Donc, je me bloque et on est obligé de me faire repasser mes tests, avec l'accord du directeur de l'orientation professionnelle, Monsieur Bemelmans et de son adjoint, Monsieur Doutrepont. Merde, il s'accroche le
gamin !!! Et mes nouveaux résultats, disent-ils, contredisent complètement les premiers. Personne, parmi ces psychologues-bidons, n'a pu imaginer un instant, que j'étais tout simplement, un
garçon perturbé et que j'avais de fameuses raisons de l'être. Cette histoire est suspecte et je soupçonne ma mère d'avoir travaillé ces deux hommes au corps, avant les premiers tests, de la même
manière qu'elle était allé voir mon professeur de 6e latine pour que je la redouble, alors que j'avais plus de 60%. De la même manière qu'elle vient de m'envoyer en Suisse pour cause de
tuberculose imaginaire !
Et bien entendu, je réussis ma 3e latine, sans problèmes
Durant cette année 1954,( il y a t'il un rapport ?), on m'a aussi opéré des amygdales à la Clinique Sainte-Rosalie, tenue par des béguines. Je me revois, en salle d'op, assis dans un fauteuil.

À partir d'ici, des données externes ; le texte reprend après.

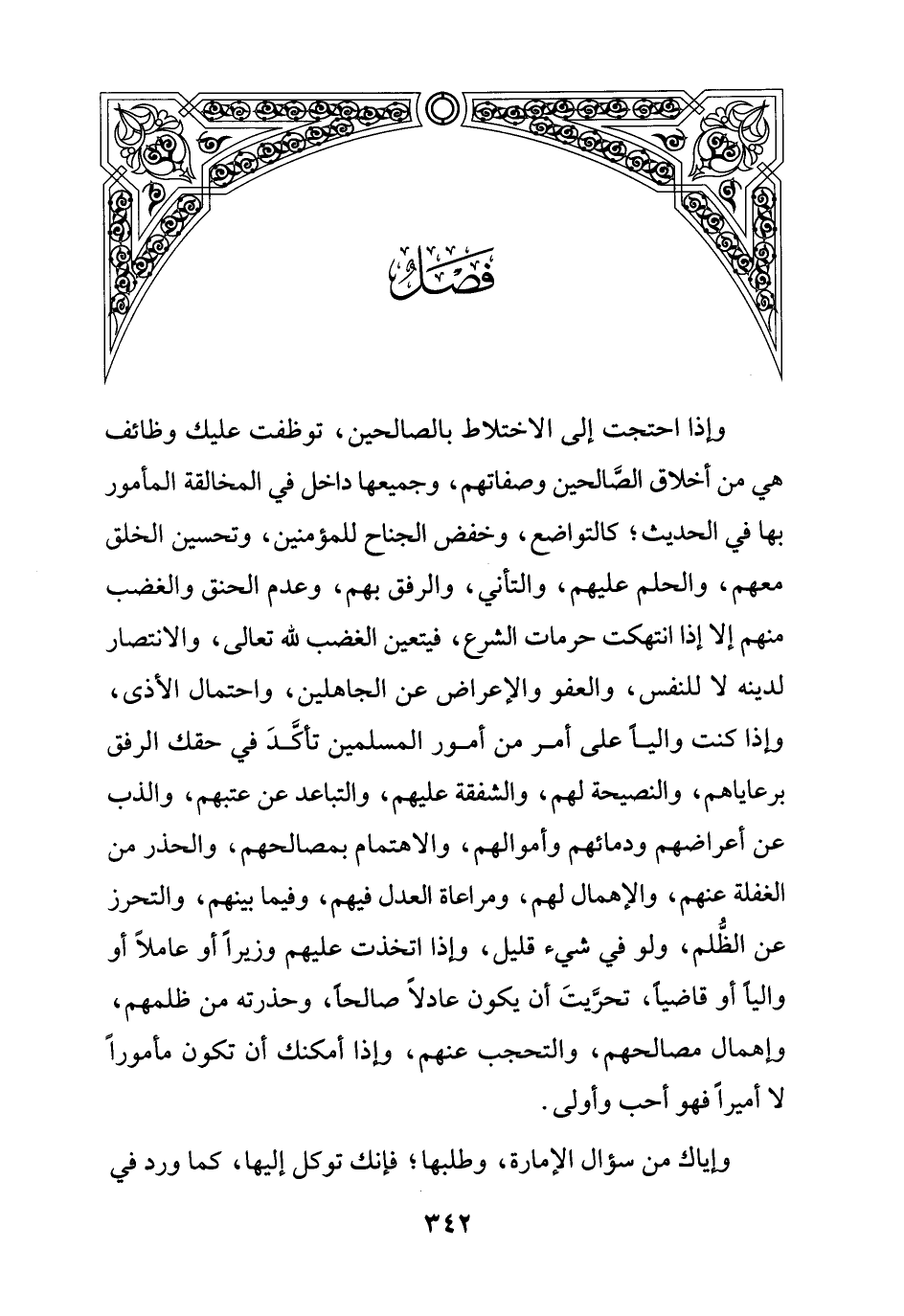 وإذا احتجت إلى الاختلاط بالصالحين، توظفت عليك وظائف هي من أخلاق الصَّالحين وصفاتهم، وجميعها داخل في المخالقة المأمور بها في الحديث؛ كالتواضع، وخفض الجناح للمؤمنين، وتحسين الخلق معهم، والحلم عليهم، والتأني، والرفق بهم، وعدم الحنق والغضب منهم إلا إذا انتهكت حرمات الشرع، فيتعين الغضب لله تعالى، والانتصار لدينه لا للنفس، والعفو والإعراض عن الجاهلين، واحتمال الأذى، وإذا كنت والياً على أمر من أمور المسلمين تأكَّدَ في حقك الرفق برعاياهم، والنصيحة لهم، والشفقة عليهم، والتباعد عن عتبهم، والذب عن أعراضهم ودمائهم وأموالهم، والاهتمام بمصالحهم، والحذر من الغفلة عنهم، والإهمال لهم، ومراعاة العدل فيهم، وفيما بينهم، والتحرز عن الظُّلم، ولو في شيء قليل، وإذا اتخذت عليهم وزيراً أو عاملاً أو والياً أو قاضياً، تحرَّيتَ أن يكون عادلاً صالحاً، وحذرته من ظلمهم، وإهمال مصالحهم، والتحجب عنهم، وإذا أمكنك أن تكون مأموراً لا أميراً فهو أحب وأولى.

L'anesthésiste, un certain Docteur Bloch (opératoire) a mis un treillis sur mon visage, j'ai l'air d'un escrimeur. Dans la bouche, on m'a mis un ouvre-bouche (on est en plein "Aveu" de Costa Gavras) et ça fait très mal. Mon père est assis, à côté de l'anesthésiste et celui-ci déverse goutte à goutte, un filtre d'ether, ça pue, et moi j'ai décidé de ne pas m'endormir. je résiste un max et je chante, disons que je mélodise (Nelson), car j'ai la gueule ouverte, comme un poisson accroché à l'hameçon fatal. "Tu ne m'auras pas" dis-je, probablement à mon père, autrement dit, tu ne me castreras pas, mais celà je ne le comprendrai que lors de ma psychanalyse, quinze ans plus tard. Des couilles aux amygdales, il n'a qu'un pas, que je ne franchirai pas!